=== YOUR TASK ===
All of the data that follows should be given again exactly, without its images.

GIVEN MATERIAL Start Marker

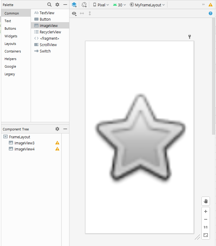 위 사진은 FrameLayout을 적용하고, 노란 별 이미지(imageView3)과 회색 별 이미지(imageView4)를 F자식 View로 넣었을 때, 회색 별 이미지만 보이는 것을 확인할 수 있다.
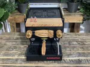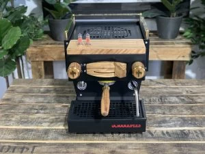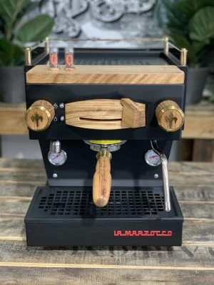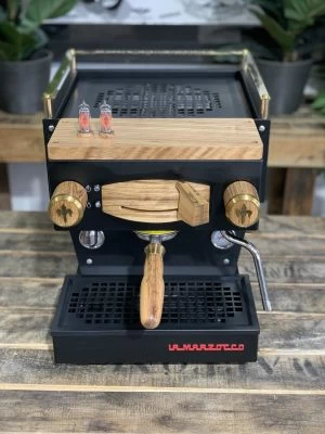 The La Marzocco Linea Mini has long been considered a favourite in the coffee industry and when you look at this beautiful custom painted matte black Linea mini with its beautiful timber and brass accents, it is clearly easy to see why.? Not only does this custom Linea Mini look spectacular, but it also houses amazing features. This compact 1 group houses a dual boiler system, PID temperature controls wifi connectivity and a powerful rotary pump. This rotary pump allows the Linea Mini to be connected to water mains and ensures a quiet brewing process, this machine is also equipped with an in-built 2.5L water tank, which makes it completely self-contained. As an added benefit, this particular machine has also been paired with a full custom timber kit with an Edison bulb shot timer and brass cup tray rack to add an extra touch of style and warmth to an already beautiful machine. The La Marzocco Linea Mini is perfect for anyone who loves producing great coffee and can be ordered in a wide variety of colours and fully customised to meet your needs.
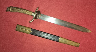 Alter Hirschfänger " Wolf ", vermutlich erste Hälfte XX. Jhd mit Lederscheide.
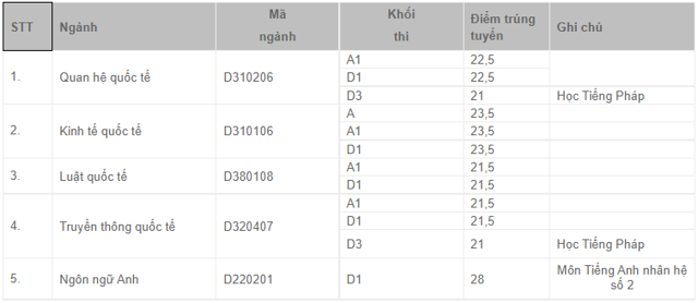 ĐIỂM TRÚNG TUYỂN HỆ ĐẠI HỌC CHÍNH QUY

GIVEN MATERIAL End Marker

=== SOLVED PROBLEM ===
 위 사진은 FrameLayout을 적용하고, 노란 별 이미지(imageView3)과 회색 별 이미지(imageView4)를 F자식 View로 넣었을 때, 회색 별 이미지만 보이는 것을 확인할 수 있다.
 The La Marzocco Linea Mini has long been considered a favourite in the coffee industry and when you look at this beautiful custom painted matte black Linea mini with its beautiful timber and brass accents, it is clearly easy to see why.? Not only does this custom Linea Mini look spectacular, but it also houses amazing features. This compact 1 group houses a dual boiler system, PID temperature controls wifi connectivity and a powerful rotary pump. This rotary pump allows the Linea Mini to be connected to water mains and ensures a quiet brewing process, this machine is also equipped with an in-built 2.5L water tank, which makes it completely self-contained. As an added benefit, this particular machine has also been paired with a full custom timber kit with an Edison bulb shot timer and brass cup tray rack to add an extra touch of style and warmth to an already beautiful machine. The La Marzocco Linea Mini is perfect for anyone who loves producing great coffee and can be ordered in a wide variety of colours and fully customised to meet your needs.
 Alter Hirschfänger " Wolf ", vermutlich erste Hälfte XX. Jhd mit Lederscheide.
 ĐIỂM TRÚNG TUYỂN HỆ ĐẠI HỌC CHÍNH QUY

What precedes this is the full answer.